Spontaneous beta-helical fold in prion protein: the case of PrP(82-146).

The presence of amyloid is a hallmark of Gerstmann-Sträussler-Scheinker (GSS) disease, which is a prion disease caused by germ line mutations in the PRNP gene. The major component of amyloid is a fragment spanning residues from 81-82 to 144-153, part of the minimal sequence thought to play a crucial role in the conversion reaction and to sustain prion replication. We present here a molecular dynamics study on the 82-146 peptide from the human prion protein. The aim is to identify its aggregation-prone folds. The 82-146 prion sequence corresponds to a naturally occurring prion peptide able to form fibrils rich in parallel beta-sheets.

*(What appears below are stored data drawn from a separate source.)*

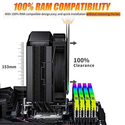 【Compatibilità RAM al 100%】Completa configurazione dei banchi di memoria RAM nei case per PC con spazio limitato.La ventola della CPU di dimensioni classiche ha un'altezza di 153 mm, offre un'ottima compatibilità con i case per computer più diffusi sul mercato, non blocca gli slot per la RAM.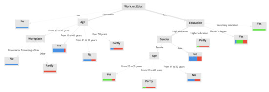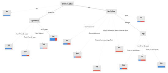 In Figure 4, the leaves represent a dependent variable, i.e., the familiarity of respondents with green accounting. Partial familiarity is highlighted in red. Blue indicates that the respondent is unfamiliar with green accounting, while red indicates that he is familiar. Each leaf is assigned an if-then rule that is viewed from left to right (first rule—first leaf left, last rule, last leaf right). Figure 4 shows that the thickness of the leaves is most pronounced in 4, 10, and 12. Additionally, it is interesting to look at leaves 3, 6, and 7. In these leaves, the number of examples (data) in the leaf makes an acceptable percentage of the class to which the leaf belongs and the probability of accuracy of the application of the rules is the same, i.e., more than 50%. By interpreting the rules relating to the leaves from Figure 4, it may be concluded that employees in tourism aged 31 to 40 years, who occasionally work on their education are not familiar with green accounting (leaf 4), as well as the male population who has a bachelor’s degree (higher education) and who works on their education (leaf 10). Employees who are familiar with green accounting are those who have a master’s degree and who are continuously working on their education (leaf 12), as well as women aged 20 to 30 with a bachelor’s degree, who are also continuously working on their education (leaf 7). Respondents aged 20 to 30, as well as those over 50, who occasionally work on their education, are partially familiar with green accounting (leaf 3, 6).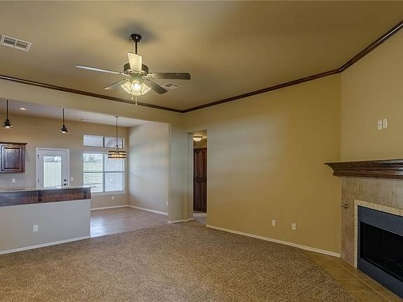 4th bedroom is office or study. New open concept for family. Living with Fireplace, electric and cable above mantle. Granite counters in kitchen with tumbled marble back splash. Tall ceiling with recessed lighting. stainless steel appliances & sink. Solid wood cabinets built on site by Oklahoma's oldest building company since 1907. 1 Yr Builders Warranty plus 10 yr structural warranty.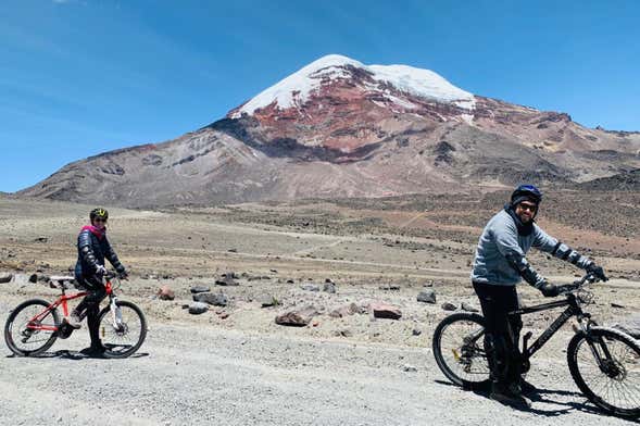 Vous ferez une courte marche vers un deuxième refuge pour voir la lagune Condorcocha, à 5100 mètres d'altitude. Vous descendrez ensuite au camp Hermanos Carrel pour commencer une balade à vélo du volcan Chimborazo.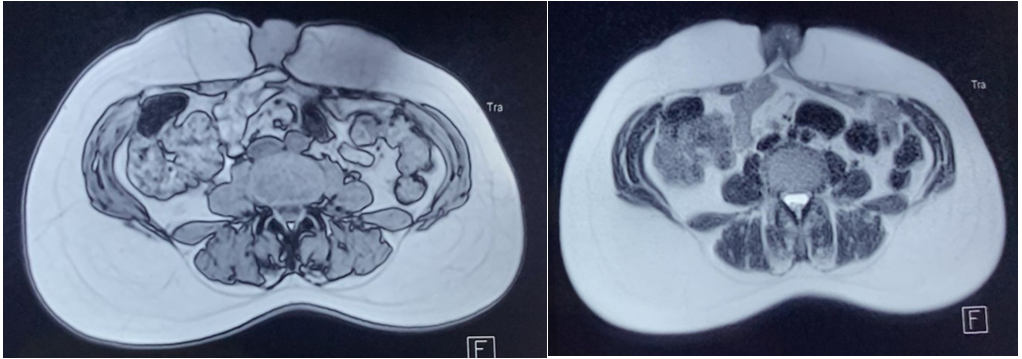 Thirty-eight-year-old patient, with two live children by caesarean section, consulting for Dysmenorrhoea and cyclic pelvic pain evolving for 6 months with, on clinical examination, an indurated mass measuring 4x3 cm opposite the external right side of the pfannestiel scar, pelvic ultrasound objectifying a deep, finely hypoechoic parietal nodular formation, measuring 32.7 x 12.7 mm, communicating with the pelvic cavity through a 4-mm diameter opening, suggesting an endometriotic nodule, followed on pelvic CT and MRI by a 35x20-mm nodular tissue mass of the rectus abdominis, suggesting parietal endometriosis (figure 1) associated with minimal subperitoneal endometriosis.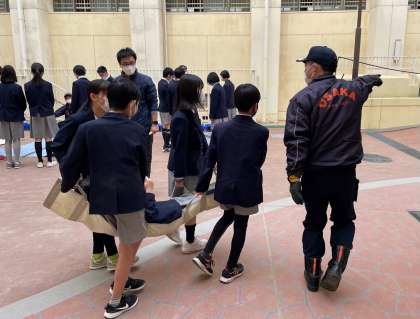 けが人を運ぶためのストレッチャー体験と、心臓マッサージ・AEDの講習です。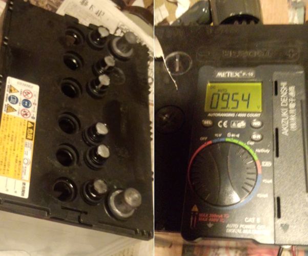 暫らくの間、車動かさへんから バッテリー上ってもぅたやないけ、10.46v か、スターター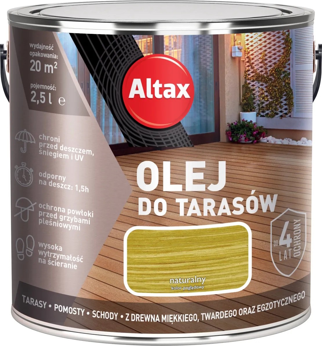 Olej można stosować do drewnianych tarasów, pomostów i schodów. Zapewnia skuteczną ochronę przed deszczem, śniegiem i UV, a także przed grzybami pleśniowymi. Odporność na deszcz zyskuje już po 1,5 godziny.
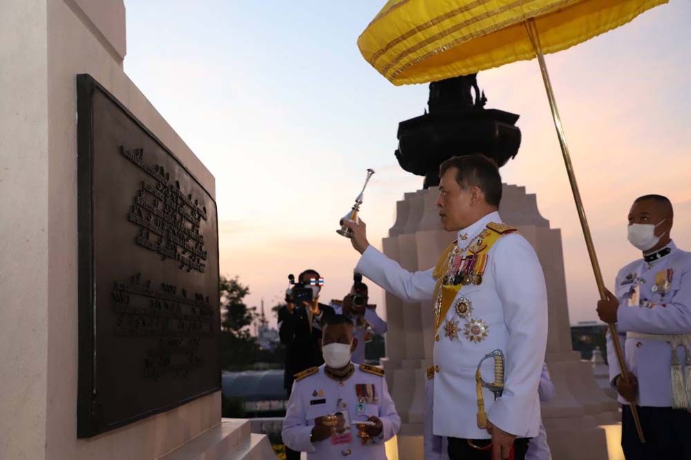 จากนั้น พระบาทสมเด็จพระเจ้าอยู่หัว เสด็จขึ้นลานพระบรมราชานุสาวรีย์พระบาทสมเด็จพระบรมชนกาธิเบศร มหาภูมิพลอดุลยเดชมหาราช บรมนาถบพิตร ทรงพระสุหร่าย ทรงเจิมแผ่นคำจารึกที่ฐานพระบรมราชานุสาวรีย์ฯ พระบาทสมเด็จพระเจ้าอยู่หัว ทรงวางพุ่มดอกไม้ ทรงวางพวงมาลัย ทรงจุดธูปเทียนเครื่องทองน้อยถวายราชสักการะ ทรงกราบ สมเด็จพระนางเจ้าฯ พระบรมราชินี ทรงวางพุ่มดอกไม้ของสมเด็จพระนางเจ้าสิริกิติ์ พระบรมราชินีนาถ พระบรมราชชนนีพันปีหลวง และทรงวางพุ่มดอกไม้ส่วนพระองค์ ทรงวางพวงมาลัย ทรงจุดธูปเทียนเครื่องทองน้อยถวายราชสักการะ ทรงกราบ สมเด็จพระเจ้าลูกเธอ เจ้าฟ้าพัชรกิติยาภา นเรนทิราเทพยวดี กรมหลวงราชสาริณีสิริพัชร มหาวัชรราชธิดา และสมเด็จพระเจ้าลูกเธอ เจ้าฟ้าสิริวัณณวรี นารีรัตนราชกัญญา ทรงวางพุ่มดอกไม้ ทรงวางพวงมาลัย ทรงจุดธูปเทียนเครื่องทองน้อยถวายราชสักการะ ทรงกราบ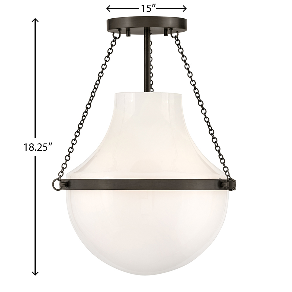 Fusing a sculpted, modern form with classically styled details, Collins features a transitional teardrop shade crafted from blown, cased opal glass. A central metal band and delicate chain uprights are available in Heritage Brass or Black Oxide finishes.

A spontaneous right-handed beta-helical arrangement with 13 residues per turn can be observed in the 103-135 segment of the 82-146 peptide. The observed fold is in accordance with the evidence of a parallel beta-sheet organization in amyloid and with experiments on 82-146 discussed in the literature. To elucidate the conformational properties that trigger this peptide's aggregation propensity, the conformational behavior of peptides of different length (106-126 and 113-120 prion segments) was also investigated. Simulation analysis has led to some interesting considerations on sequence specific flexibility and the effects of growth. Comparing peptides of different length allows the localization of the origin of the beta-helix conformational propensity in the 106-126 segment, though longer sequences appear necessary for a clear beta-helical arrangement. Structural features of the observed 82-146 beta-helical fold are compatible with the "dock and lock" mechanism proposed to interpret peptide aggregation kinetics.